Réaliser un produit de qualité le jour J
Après une pré-sélection d'une trentaine de participants sur plus de 200 candidats, chaque boulanger doit déposer deux baguettes identiques qui seront notées sur 20 selon cinq critères principaux : la cuisson, la mie et l'alvéolage, le goût, l'odeur et l'aspect. Les produits doivent impérativement mesurer entre 55 et 70 cm, peser entre 250 et 300 grammes et avoir une teneur en sel n'excédant pas 18 grammes par kilo de farine. Rémi Héluin, ancien membre du jury et rédacteur passionné du blog Painrisien, émet quelques doutes sur le fonctionnement de ce concours : « L’essence même de ce prix est de sanctionner la capacité d’un artisan à réaliser un produit de qualité un jour J, ce qui sous-entend qu’il s’y sera souvent préparé et que la baguette qu’il amènera ne correspondra pas à celle proposée au quotidien dans sa boutique. Or, la régularité est sans doute la chose la plus difficile à obtenir et maintenir en boulangerie artisanale. Il faudrait modifier profondément son fonctionnement et juger des produits issus de la production vendue en boutique ».
“Il y a des boulangers qui ne jouent pas le jeu”
De plus, si les intentions de la Mairie de Paris semblent tout à fait désintéressées, il est difficile d'en dire autant de tous les acteurs de ce concours, comme le regrette d'ailleurs Rémi : « certaines personnes qui participent à l’événement ne semblent pas oeuvrer dans un état d’esprit positif, ce qui a parfois des conséquences regrettables.

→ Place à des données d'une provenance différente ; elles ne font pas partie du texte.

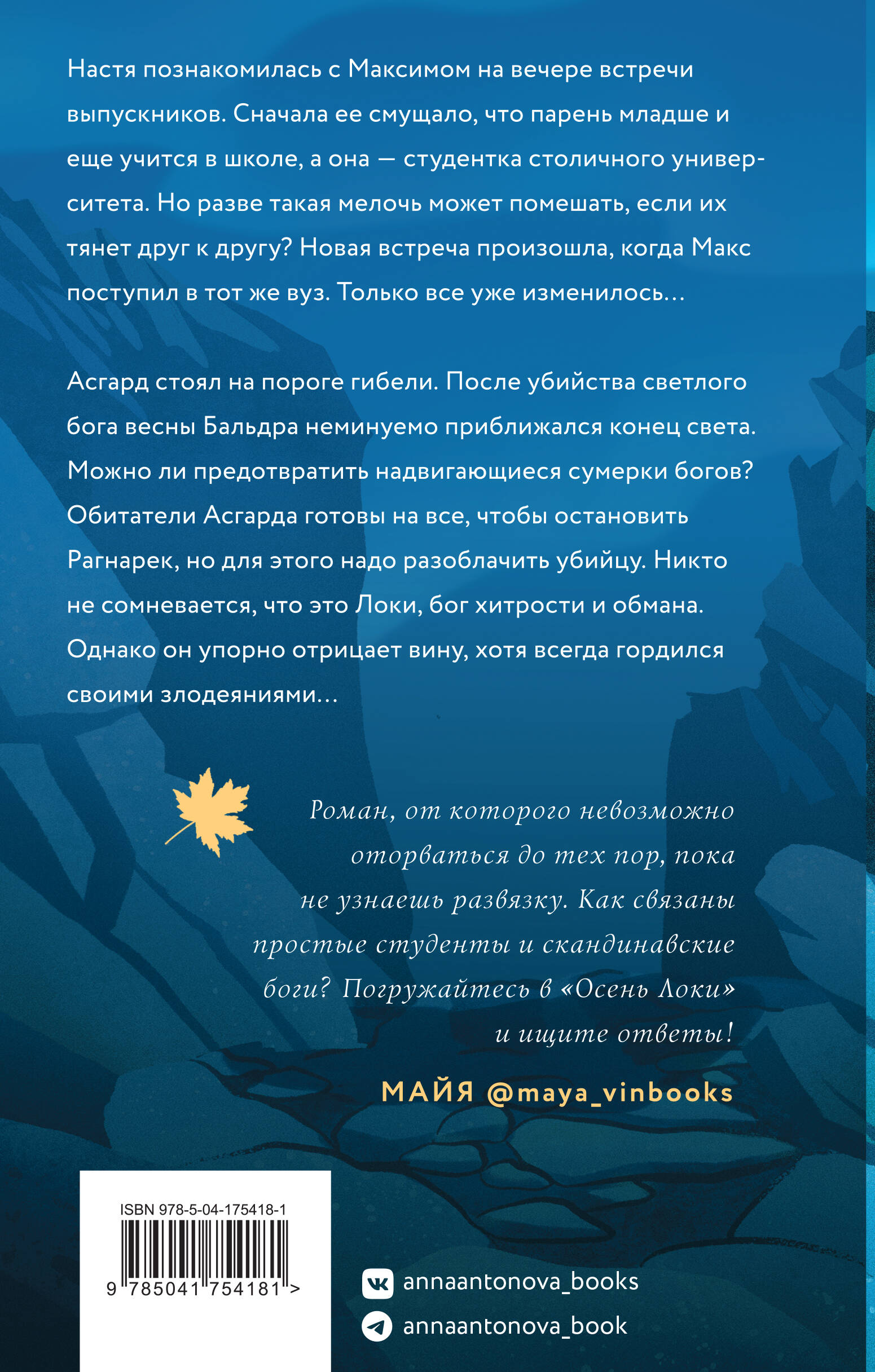 Имена скандинавских богов Тора, Одина и Локи знают все. Анна Антонова рассказывает их историю по-новому, находя свежие краски и неожиданные решения. Расследование убийства, случившегося в Асгарде, причудливым образом провоцирует захватывающие события в жизни обычных столичных студентов. Напряженный драматический сюжет, развивающийся в мире суровых северных богов, органично переплетается с судьбой наших современников, в жизни которых вдруг проявляется то, чему они не могут найти реалистичного объяснения. Настя познакомилась с Максимом на вечере встречи выпускников. Сначала ее смущало, что парень младше и еще учится в школе, а она - студентка столичного университета. Но разве такая мелочь может помешать, если их тянет друг к другу? Новая встреча произошла, когда Макс поступил в тот же вуз. Только все уже изменилось… Асгард стоял на пороге гибели. После убийства светлого бога весны Бальдра неминуемо приближался конец света. Можно ли предотвратить надвигающиеся сумерки богов? Обитатели Асгарда готовы на все, чтобы остановить Рагнарёк, но для этого надо разоблачить убийцу. Никто не сомневается, что это Локи, бог хитрости и обмана. Однако он упорно отрицает вину, хотя всегда гордился своими злодеяниями…| Издательство | ООО "Издательство "Эксмо" |

Il y a des boulangers qui ne jouent pas le jeu et envoient des produits qui ne correspondent pas à ce qu'ils proposent au quotidien, parfois en collaboration avec leur meunier... cela fausse complètement les résultats et décrédibilise le concours ». Enfin, certains boulangers de la capitale produisent d'excellentes baguettes et ne sont pas à la recherche d'une notoriété supplémentaire. Du coup, ils n'ont jamais eu la volonté de s'inscrire à ce concours.
Quoi qu'il en soit, le lauréat remporte un chèque de 4 000 euros et fournira le palais de l'Elysée pendant une année. Une récompense essentiellement honorifique, comme le confirme Anis Bouabsa, meilleur ouvrier de France et vainqueur de l'année 2008, « Au final, on livre une vingtaine de petits pains ronds et des mini viennoiseries pour la table du président et une trentaine de baguettes pour le personnel qui travaille à l'Elysée ». Par contre, la boutique gagnante bénéficie d'un véritable afflux d'une nouvelle clientèle qui veut absolument avoir à sa table LA meilleure baguette de Paris. « Les premiers mois, nous avons été jusqu'à tripler notre production pour répondre à la demande, précise Anis Bouabsa, ce qui n'a pas été sans poser de sérieux problèmes de logistique car nous n'étions pas préparés à de telles augmentations de production. Ensuite, les quantités sont revenues à celle d'une activité quasi normale. Il en reste un souvenir unique pour le restant de nos jours ».
Le prix de la meilleure baguette de Paris a été décerné ce jeudi soir à la boulangerie La Parisienne. La boutique dirigée par les deux associés Michael Reydelet et Florian Charles se situe au 48 rue Madame, dans le 6e arrondissement de la capitale.